**TASK STATEMENT**
Your answer must be the lines from the one containing "AXL NB06 Bluetooth" through the last line of the records below, copied exactly, with the pictures left out.

(Data extracted from a collection)

-------

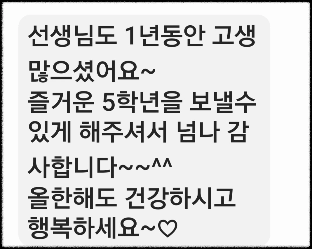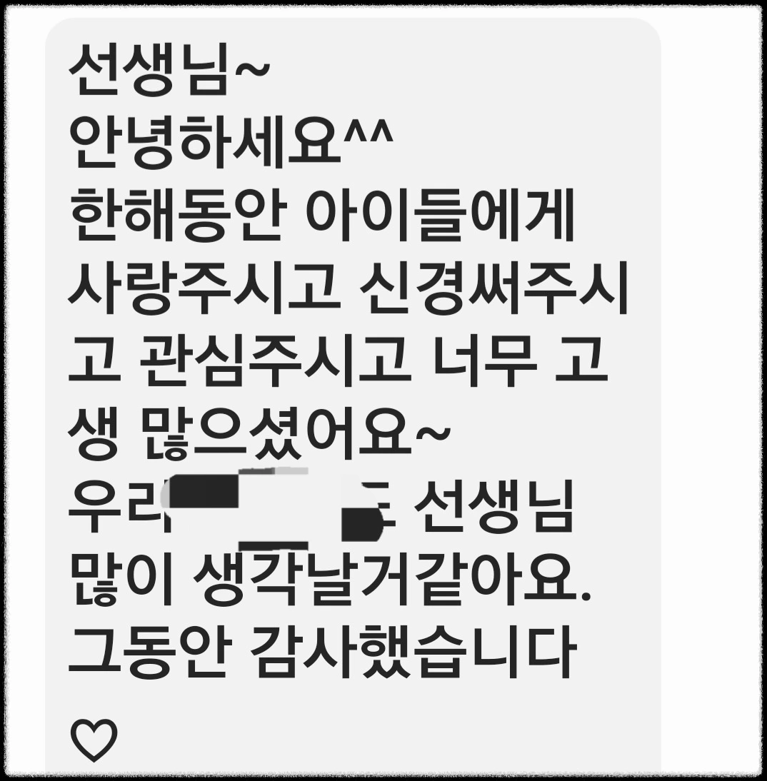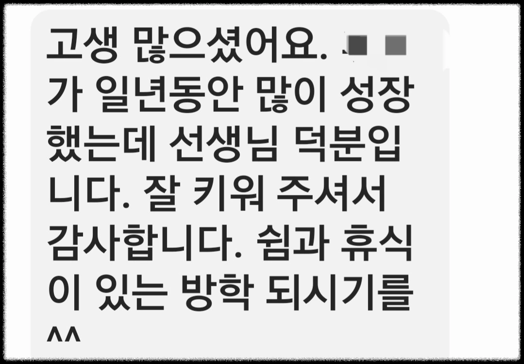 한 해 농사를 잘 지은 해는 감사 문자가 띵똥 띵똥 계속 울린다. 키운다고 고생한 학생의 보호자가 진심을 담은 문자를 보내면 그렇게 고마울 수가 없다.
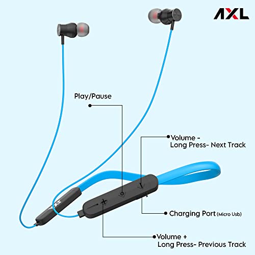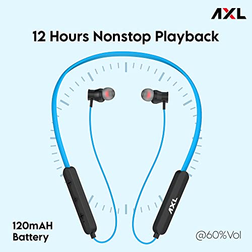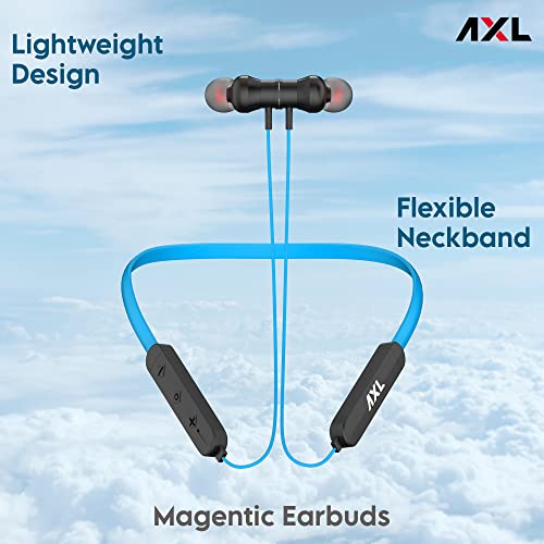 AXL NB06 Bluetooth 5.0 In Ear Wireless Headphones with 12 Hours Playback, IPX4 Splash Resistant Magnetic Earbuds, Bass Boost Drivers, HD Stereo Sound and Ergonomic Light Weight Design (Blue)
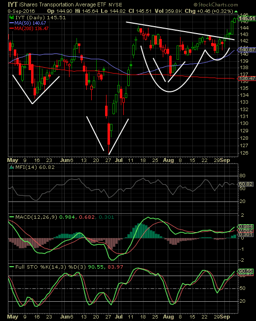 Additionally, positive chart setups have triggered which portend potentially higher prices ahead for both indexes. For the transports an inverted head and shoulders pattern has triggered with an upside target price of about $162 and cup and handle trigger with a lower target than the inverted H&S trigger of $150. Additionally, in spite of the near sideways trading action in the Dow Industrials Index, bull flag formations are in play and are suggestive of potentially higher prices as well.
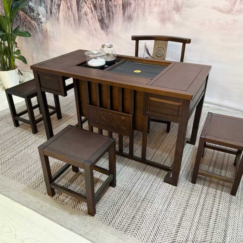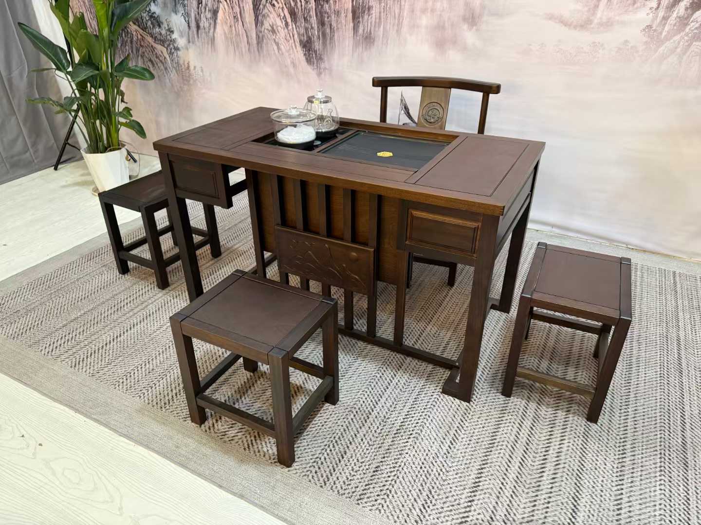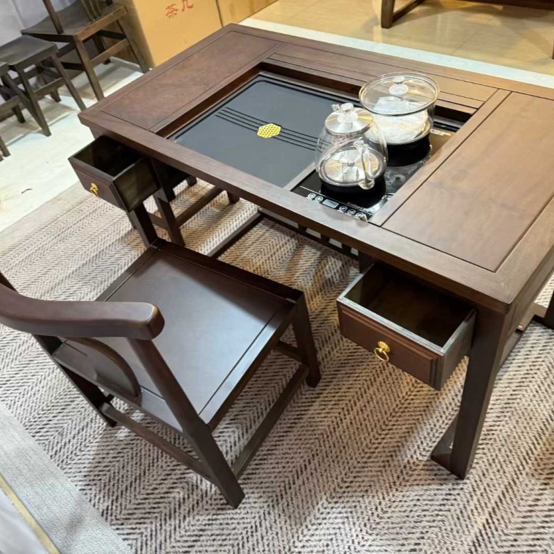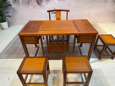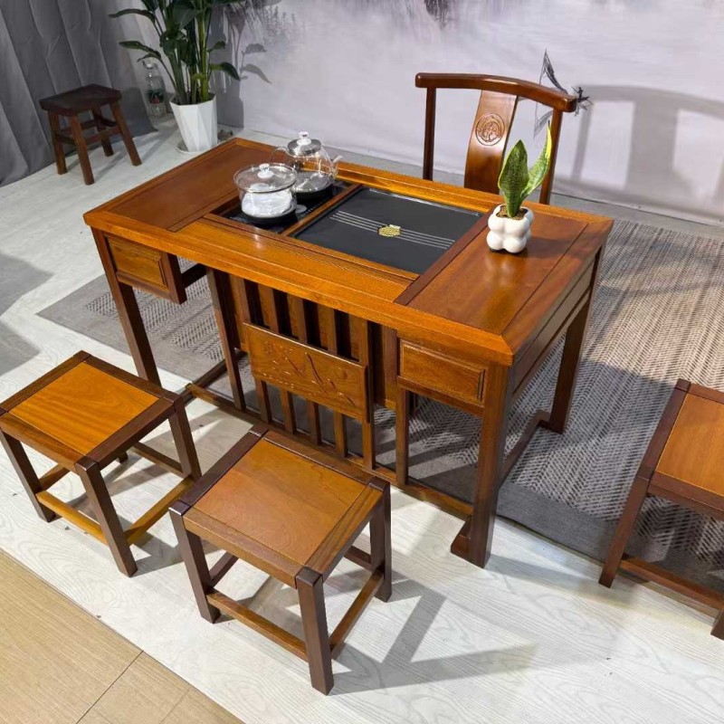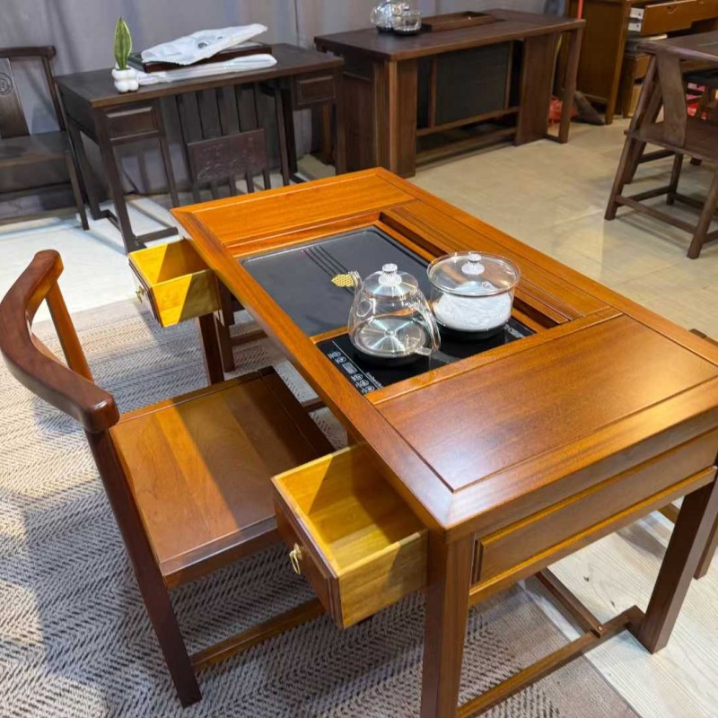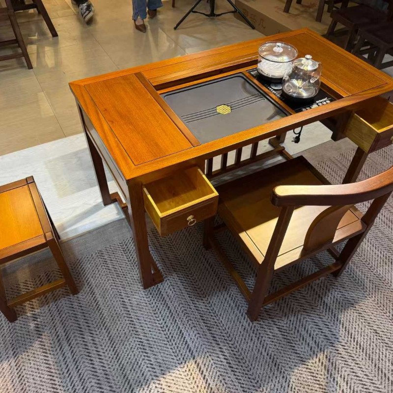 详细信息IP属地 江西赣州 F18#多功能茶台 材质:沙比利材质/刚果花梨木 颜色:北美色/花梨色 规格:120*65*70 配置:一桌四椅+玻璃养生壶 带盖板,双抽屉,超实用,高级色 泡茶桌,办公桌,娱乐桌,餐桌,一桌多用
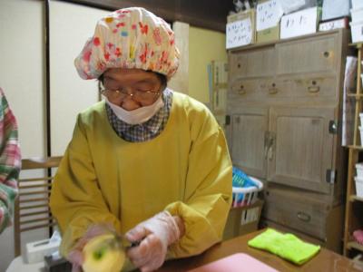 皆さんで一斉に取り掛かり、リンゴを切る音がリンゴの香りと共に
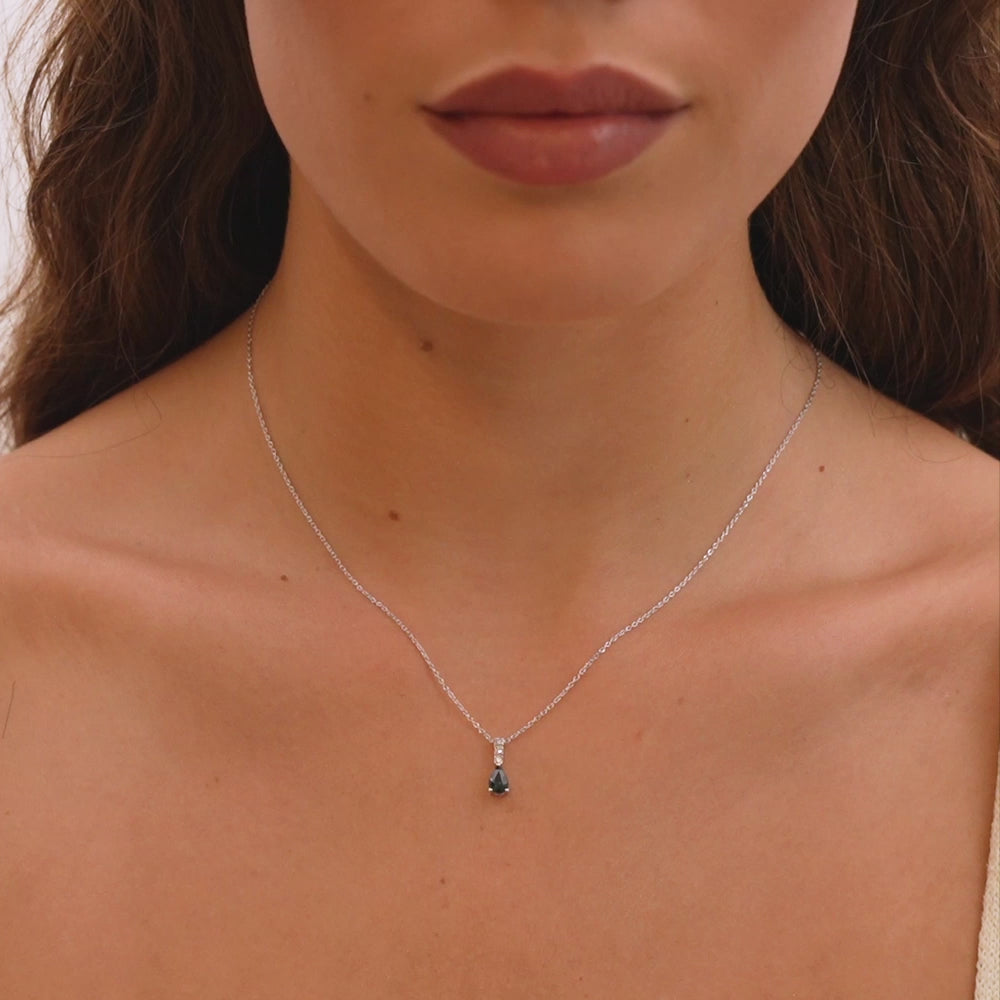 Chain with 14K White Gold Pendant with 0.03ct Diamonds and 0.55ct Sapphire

-------

**OUTPUT BELOW**
 AXL NB06 Bluetooth 5.0 In Ear Wireless Headphones with 12 Hours Playback, IPX4 Splash Resistant Magnetic Earbuds, Bass Boost Drivers, HD Stereo Sound and Ergonomic Light Weight Design (Blue)
 Additionally, positive chart setups have triggered which portend potentially higher prices ahead for both indexes. For the transports an inverted head and shoulders pattern has triggered with an upside target price of about $162 and cup and handle trigger with a lower target than the inverted H&S trigger of $150. Additionally, in spite of the near sideways trading action in the Dow Industrials Index, bull flag formations are in play and are suggestive of potentially higher prices as well.
 详细信息IP属地 江西赣州 F18#多功能茶台 材质:沙比利材质/刚果花梨木 颜色:北美色/花梨色 规格:120*65*70 配置:一桌四椅+玻璃养生壶 带盖板,双抽屉,超实用,高级色 泡茶桌,办公桌,娱乐桌,餐桌,一桌多用
 皆さんで一斉に取り掛かり、リンゴを切る音がリンゴの香りと共に
 Chain with 14K White Gold Pendant with 0.03ct Diamonds and 0.55ct Sapphire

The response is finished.